To do.
In the entries below, find the line containing "Encuentra gratis el" and the line containing "Our bright yellow". Copy those two lines and everything between them exactly, without the pictures.

Start of Exercise data

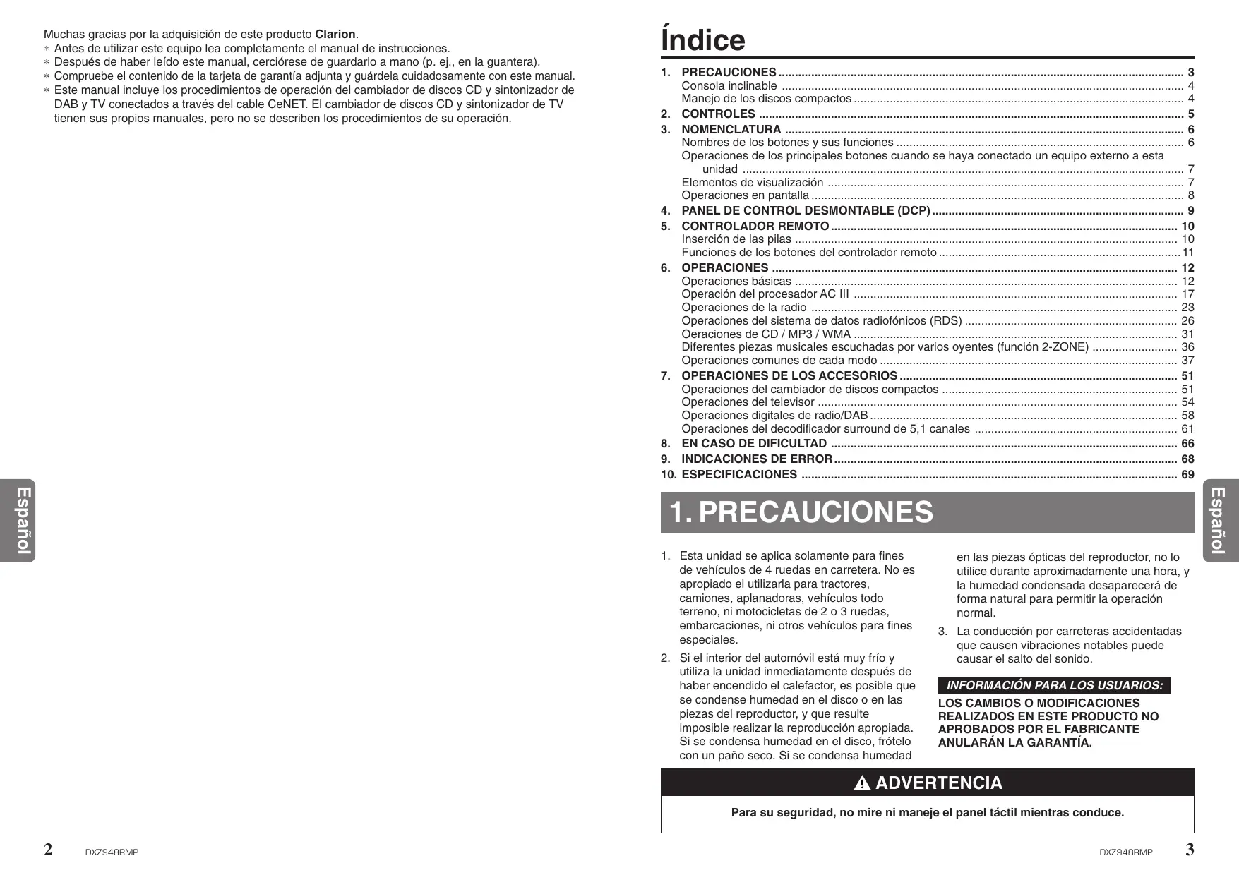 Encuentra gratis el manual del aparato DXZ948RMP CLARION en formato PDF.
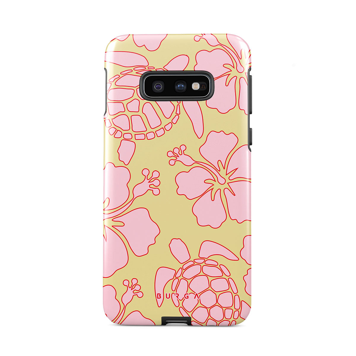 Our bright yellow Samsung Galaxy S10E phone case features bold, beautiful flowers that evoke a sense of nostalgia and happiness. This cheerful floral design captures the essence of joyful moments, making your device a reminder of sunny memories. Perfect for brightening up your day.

End of Exercise data
Start of Exercise data

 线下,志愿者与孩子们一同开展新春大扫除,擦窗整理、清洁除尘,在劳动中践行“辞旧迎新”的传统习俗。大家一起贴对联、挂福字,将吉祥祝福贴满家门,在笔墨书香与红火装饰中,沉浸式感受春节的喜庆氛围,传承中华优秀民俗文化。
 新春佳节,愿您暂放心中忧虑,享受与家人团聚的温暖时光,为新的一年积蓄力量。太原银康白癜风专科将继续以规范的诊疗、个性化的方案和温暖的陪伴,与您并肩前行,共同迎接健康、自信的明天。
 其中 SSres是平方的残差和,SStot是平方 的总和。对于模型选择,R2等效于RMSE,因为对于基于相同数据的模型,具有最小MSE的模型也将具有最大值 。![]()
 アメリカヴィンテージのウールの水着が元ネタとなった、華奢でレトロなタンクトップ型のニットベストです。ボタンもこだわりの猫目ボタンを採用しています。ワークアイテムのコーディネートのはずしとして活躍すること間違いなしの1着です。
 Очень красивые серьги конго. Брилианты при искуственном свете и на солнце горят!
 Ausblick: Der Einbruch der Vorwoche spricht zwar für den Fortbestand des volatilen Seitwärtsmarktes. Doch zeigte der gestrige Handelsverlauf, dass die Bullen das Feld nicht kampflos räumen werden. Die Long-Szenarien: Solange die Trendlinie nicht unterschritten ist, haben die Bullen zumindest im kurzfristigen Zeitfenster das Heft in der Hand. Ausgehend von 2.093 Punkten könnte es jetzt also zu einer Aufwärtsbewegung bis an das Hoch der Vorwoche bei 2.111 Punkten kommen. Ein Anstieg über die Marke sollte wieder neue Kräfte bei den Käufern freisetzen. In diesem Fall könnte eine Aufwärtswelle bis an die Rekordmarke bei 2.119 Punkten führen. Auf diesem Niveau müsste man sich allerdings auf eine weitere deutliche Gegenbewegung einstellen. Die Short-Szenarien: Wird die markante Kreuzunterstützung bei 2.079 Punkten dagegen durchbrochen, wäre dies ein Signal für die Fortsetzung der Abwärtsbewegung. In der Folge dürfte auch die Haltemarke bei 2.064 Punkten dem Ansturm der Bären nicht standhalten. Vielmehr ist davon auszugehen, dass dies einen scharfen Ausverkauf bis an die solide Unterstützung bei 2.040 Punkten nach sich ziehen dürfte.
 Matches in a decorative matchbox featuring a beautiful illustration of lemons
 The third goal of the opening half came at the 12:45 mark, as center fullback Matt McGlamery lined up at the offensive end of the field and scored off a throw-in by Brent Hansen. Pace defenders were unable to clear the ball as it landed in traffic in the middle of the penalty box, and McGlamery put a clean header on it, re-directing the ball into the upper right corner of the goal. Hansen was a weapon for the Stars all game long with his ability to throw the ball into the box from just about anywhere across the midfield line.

End of Exercise data

Answer box.
 Encuentra gratis el manual del aparato DXZ948RMP CLARION en formato PDF.
 Our bright yellow Samsung Galaxy S10E phone case features bold, beautiful flowers that evoke a sense of nostalgia and happiness. This cheerful floral design captures the essence of joyful moments, making your device a reminder of sunny memories. Perfect for brightening up your day.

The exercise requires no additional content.